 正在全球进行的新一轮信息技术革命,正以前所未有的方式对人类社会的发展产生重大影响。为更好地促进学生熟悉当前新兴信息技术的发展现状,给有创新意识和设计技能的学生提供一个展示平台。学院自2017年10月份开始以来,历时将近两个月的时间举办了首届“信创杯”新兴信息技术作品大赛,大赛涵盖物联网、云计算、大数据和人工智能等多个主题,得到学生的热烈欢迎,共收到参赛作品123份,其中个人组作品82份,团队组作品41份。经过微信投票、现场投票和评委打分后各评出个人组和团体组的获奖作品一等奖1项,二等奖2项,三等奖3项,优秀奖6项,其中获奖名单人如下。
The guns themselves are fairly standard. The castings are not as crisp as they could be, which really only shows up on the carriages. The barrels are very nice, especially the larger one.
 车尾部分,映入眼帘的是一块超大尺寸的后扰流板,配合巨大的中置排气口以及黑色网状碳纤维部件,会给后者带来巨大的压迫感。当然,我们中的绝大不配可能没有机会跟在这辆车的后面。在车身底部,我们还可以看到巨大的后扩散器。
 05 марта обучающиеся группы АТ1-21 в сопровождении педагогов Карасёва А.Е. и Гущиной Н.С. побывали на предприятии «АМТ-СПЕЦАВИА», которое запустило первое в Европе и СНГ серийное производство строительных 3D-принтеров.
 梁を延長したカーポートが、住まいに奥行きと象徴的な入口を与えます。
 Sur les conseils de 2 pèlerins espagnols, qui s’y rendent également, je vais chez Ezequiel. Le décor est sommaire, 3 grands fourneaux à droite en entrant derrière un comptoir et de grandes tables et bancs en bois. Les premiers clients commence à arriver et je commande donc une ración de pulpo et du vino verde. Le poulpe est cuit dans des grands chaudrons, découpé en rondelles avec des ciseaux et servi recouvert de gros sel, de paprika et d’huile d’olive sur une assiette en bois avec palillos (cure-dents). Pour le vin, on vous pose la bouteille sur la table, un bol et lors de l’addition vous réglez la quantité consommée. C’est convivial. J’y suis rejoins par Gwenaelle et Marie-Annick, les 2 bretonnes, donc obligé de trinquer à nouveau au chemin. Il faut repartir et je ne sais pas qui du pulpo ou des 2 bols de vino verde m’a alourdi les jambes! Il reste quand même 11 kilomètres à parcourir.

- - - - - - -

GOAL OF THE EXERCISE = Nothing in the data may be omitted; transcribe it exactly.

SOLUTION TO THE PROBLEM =
 正在全球进行的新一轮信息技术革命,正以前所未有的方式对人类社会的发展产生重大影响。为更好地促进学生熟悉当前新兴信息技术的发展现状,给有创新意识和设计技能的学生提供一个展示平台。学院自2017年10月份开始以来,历时将近两个月的时间举办了首届“信创杯”新兴信息技术作品大赛,大赛涵盖物联网、云计算、大数据和人工智能等多个主题,得到学生的热烈欢迎,共收到参赛作品123份,其中个人组作品82份,团队组作品41份。经过微信投票、现场投票和评委打分后各评出个人组和团体组的获奖作品一等奖1项,二等奖2项,三等奖3项,优秀奖6项,其中获奖名单人如下。
The guns themselves are fairly standard. The castings are not as crisp as they could be, which really only shows up on the carriages. The barrels are very nice, especially the larger one.
 车尾部分,映入眼帘的是一块超大尺寸的后扰流板,配合巨大的中置排气口以及黑色网状碳纤维部件,会给后者带来巨大的压迫感。当然,我们中的绝大不配可能没有机会跟在这辆车的后面。在车身底部,我们还可以看到巨大的后扩散器。
 05 марта обучающиеся группы АТ1-21 в сопровождении педагогов Карасёва А.Е. и Гущиной Н.С. побывали на предприятии «АМТ-СПЕЦАВИА», которое запустило первое в Европе и СНГ серийное производство строительных 3D-принтеров.
 梁を延長したカーポートが、住まいに奥行きと象徴的な入口を与えます。
 Sur les conseils de 2 pèlerins espagnols, qui s’y rendent également, je vais chez Ezequiel. Le décor est sommaire, 3 grands fourneaux à droite en entrant derrière un comptoir et de grandes tables et bancs en bois. Les premiers clients commence à arriver et je commande donc une ración de pulpo et du vino verde. Le poulpe est cuit dans des grands chaudrons, découpé en rondelles avec des ciseaux et servi recouvert de gros sel, de paprika et d’huile d’olive sur une assiette en bois avec palillos (cure-dents). Pour le vin, on vous pose la bouteille sur la table, un bol et lors de l’addition vous réglez la quantité consommée. C’est convivial. J’y suis rejoins par Gwenaelle et Marie-Annick, les 2 bretonnes, donc obligé de trinquer à nouveau au chemin. Il faut repartir et je ne sais pas qui du pulpo ou des 2 bols de vino verde m’a alourdi les jambes! Il reste quand même 11 kilomètres à parcourir.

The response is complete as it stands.